Unless a line falls after the one with "This image depicts", retype it exactly from the records below; leave out all pictures.

(Beginning of Given information)

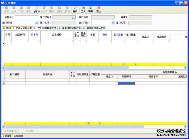 操作路徑: 加工貿(mào)易->手冊(cè)制作在手冊(cè)制作中,錄入備案合同。每本合同包括出口工廠成品及耗料計(jì)算、工廠材料耗料匯總、海關(guān)進(jìn)口材料匯總、海關(guān)出口成品匯總四個(gè)頁(yè)面。工具欄中的增加按鈕,是指增加一本新的合同,而要修改已有合同的內(nèi)容,如添加或減少進(jìn)口材料、出口成品和單損耗表、或者更改進(jìn)出口數(shù)量,則必須按修改按鈕。注意:刪除是指刪除整本合同。用戶可以通過增行和刪行按鈕自行增加或刪除需要進(jìn)出口的物料。
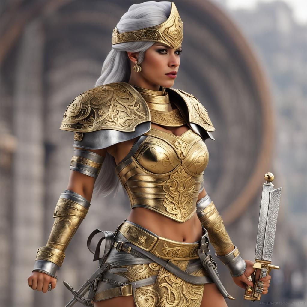 This image depicts a warrior woman in gleaming gold and silver armor. The high-resolution artwork showcases a powerful female figure.
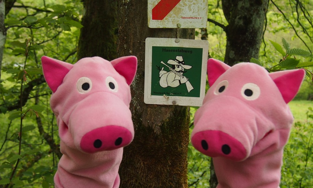 Die Schweine haben einen Ausflug in den Spessart gemacht. Dort soll es ja viele Räuber geben. Die Schweine haben Vorsicht walten lassen und sind ganz gut durchgekommen.
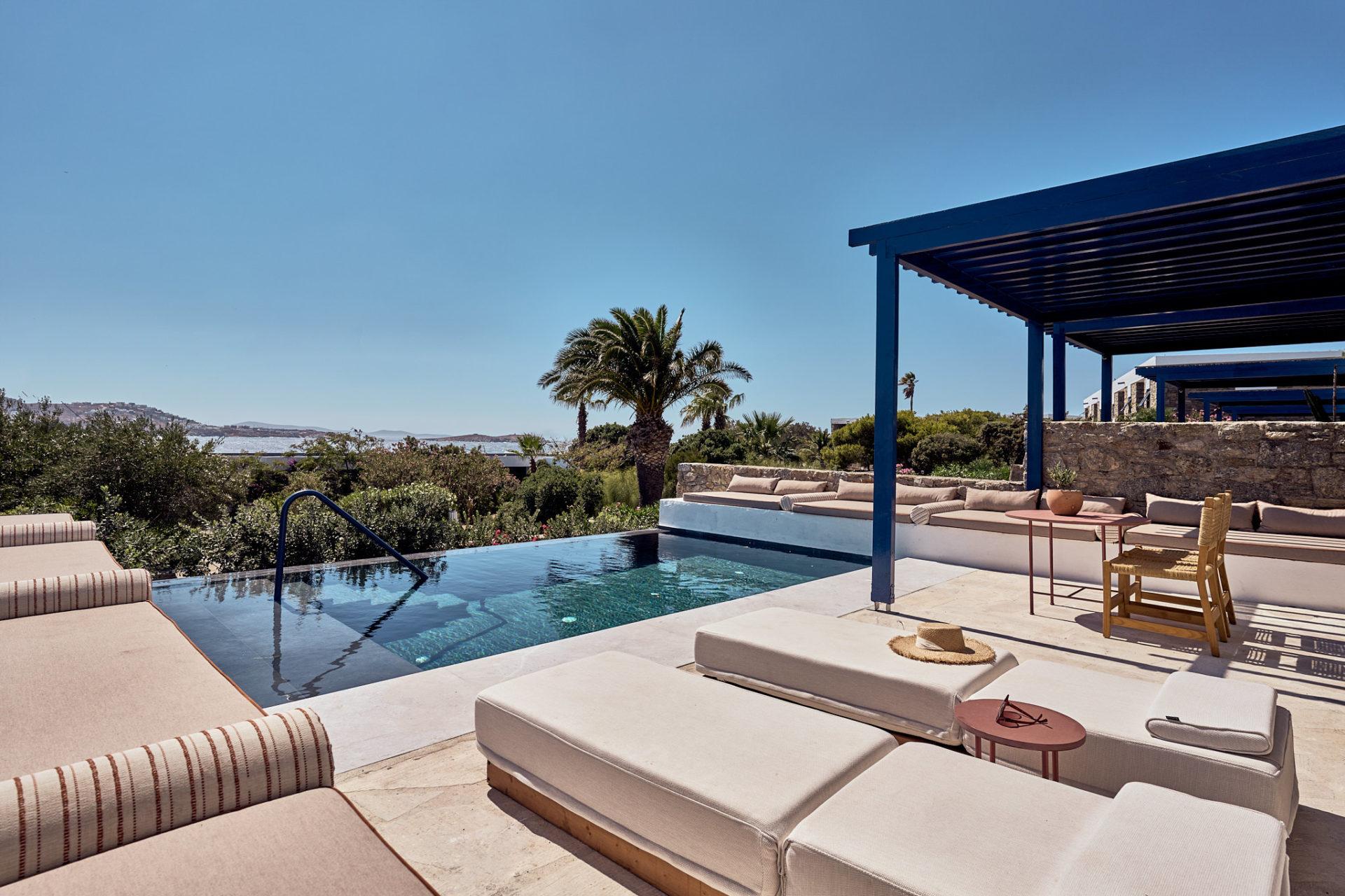 Designed to impress, Theoxenia One Bedroom Suite Sea View with Private Pool offers immersive Aegean views, cutting-edge décor, a spacious outdoor terrace, and a private swimming pool. Blissfully adapted to indoor-outdoor living, it’s a piece of heaven on the property. Treat yourself to a wildly indulgent experience dipping in and out of the pool. Laze on the terrace, invoking the spirit of those long, golden beach days Mykonos is famous for. Spacious and sunny, it features a super-sized king bed as well as a sofa bed, sumptuous bedding, an ensuite marble bathroom, and a wide range of high-end amenities.
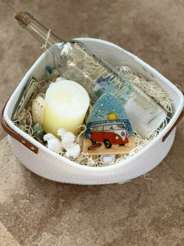A basket full of the perfect decor for your beach cottage!
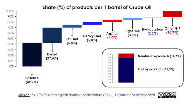 Το 85% ενός βαρελιού αργού πετρελαίου παράγει τις έξι κύριες κατηγορίες καυσίμων και το 15% άλλα πετροχημικά υλικά, όπως άσφαλτος, λιπάσματα, φαρμακευτικά σκευάσματα και πλαστικές ρητίνες
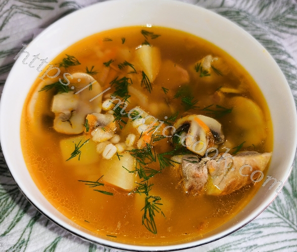 600 гр. свиного мяса 1 луковица 1 морковь 250 гр. шампиньонов 3 средние картофелины 80-90 гр. перловой крупы 2 лавровых листочка соль смесь перцев укроп
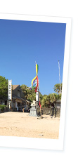 青い海と空、境内の赤、ビロウ樹の緑のコントラストがとても綺麗で、神秘的な雰囲気を感じる私のオススメの場所です。
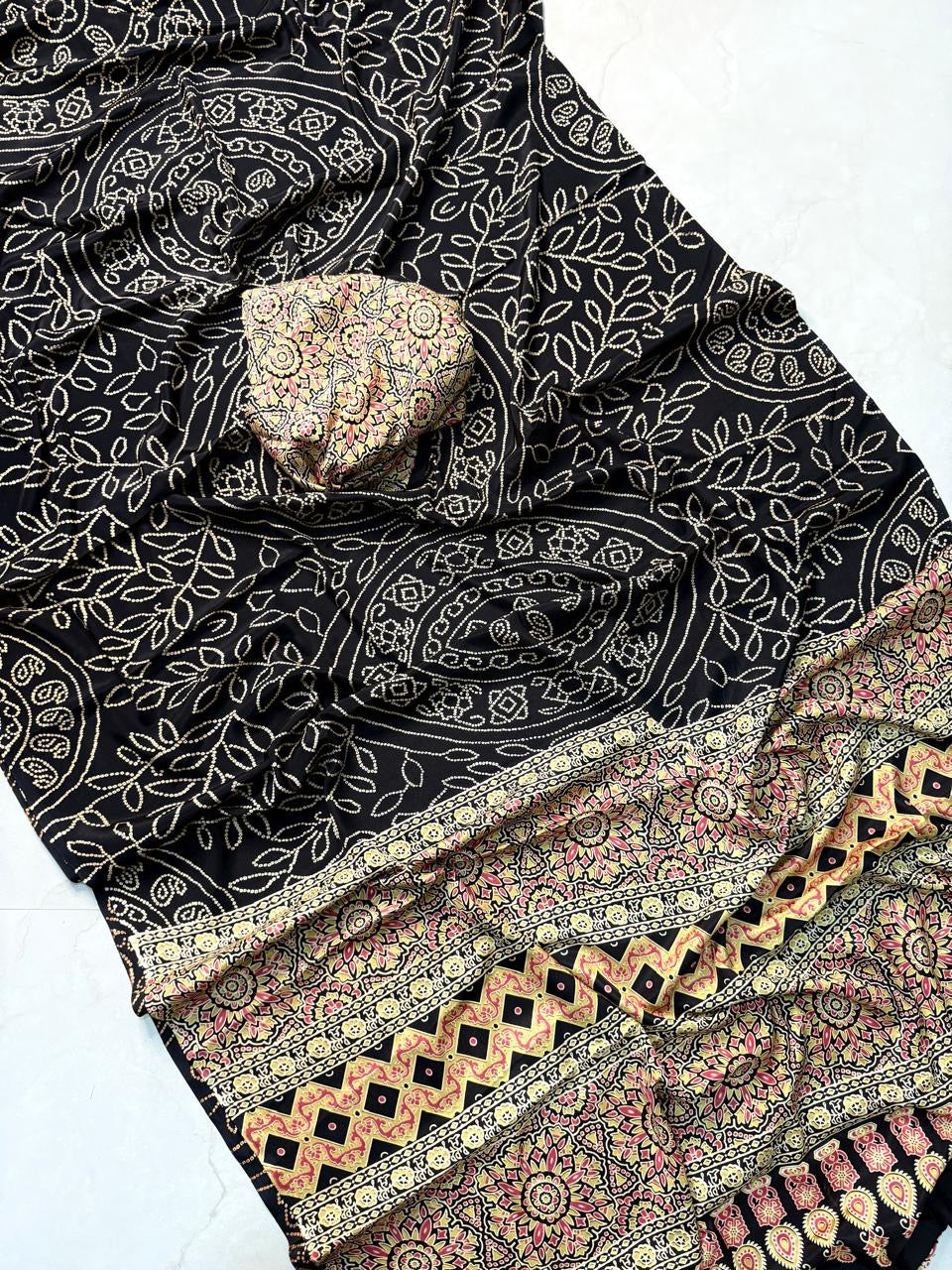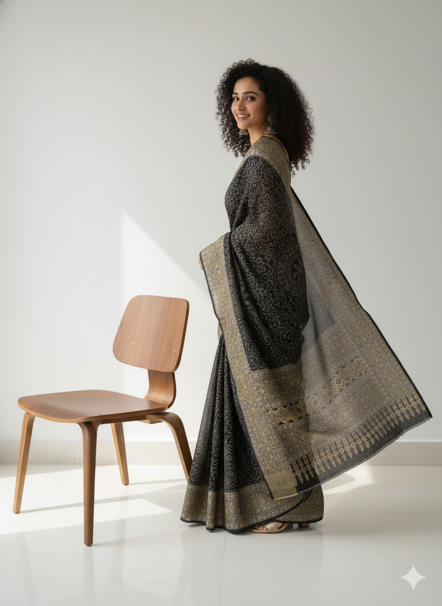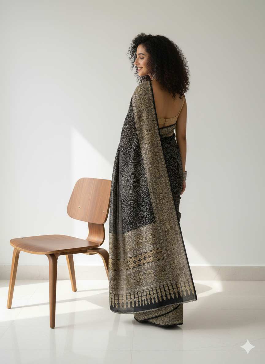 Ajrakh Symphony – Handcrafted Silk Drape Black
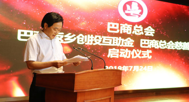 7月24日,巴商总会“巴商返乡创投互助金”“巴商总会慈善基金”启动仪式在巴中市恒丰饭店隆重举行。巴中市市委常委、市委统战部部长、市总工会主席袁闻聪,巴中市人大常委会副主任、市工商联主席任小娟及市级各部门相关领导,集团董事长、巴商总会会长赵思俭,常务执行会长杨天淑,监事长王代文及巴商总会部分执行会长、部分常务副会长、部分副会长、部分轮值会长、部分理事等参与了此次启动仪式。会议由巴商总会秘书长李成远主持。
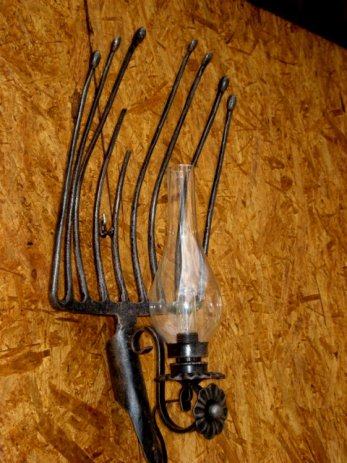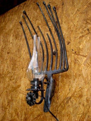 Unikatna zidna lampa izrađena od kovanog željeza i starih vila
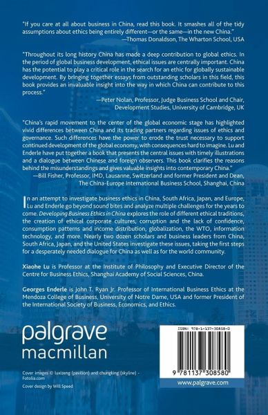 In an attempt to investigate business ethics in China, Lu and Enderle, go beyond sound bites and analyse multiple challenges for the years to come. Developing Business Ethics in China explores the role of different ethical traditions, the creation of ethical corporate cultures, corruption and the lack of confidence, consumption patterns and income distribution, globalization, WTO, information technology, and more. Nearly two dozen scholars and business leaders from China, South Africa, Japan and the United States investigate these issues, taking the first steps for a desperately needed dialogue for China as well as for the world community.

(End of Given information)

→ **Result of the task**
 操作路徑: 加工貿(mào)易->手冊(cè)制作在手冊(cè)制作中,錄入備案合同。每本合同包括出口工廠成品及耗料計(jì)算、工廠材料耗料匯總、海關(guān)進(jìn)口材料匯總、海關(guān)出口成品匯總四個(gè)頁(yè)面。工具欄中的增加按鈕,是指增加一本新的合同,而要修改已有合同的內(nèi)容,如添加或減少進(jìn)口材料、出口成品和單損耗表、或者更改進(jìn)出口數(shù)量,則必須按修改按鈕。注意:刪除是指刪除整本合同。用戶可以通過增行和刪行按鈕自行增加或刪除需要進(jìn)出口的物料。
 This image depicts a warrior woman in gleaming gold and silver armor. The high-resolution artwork showcases a powerful female figure.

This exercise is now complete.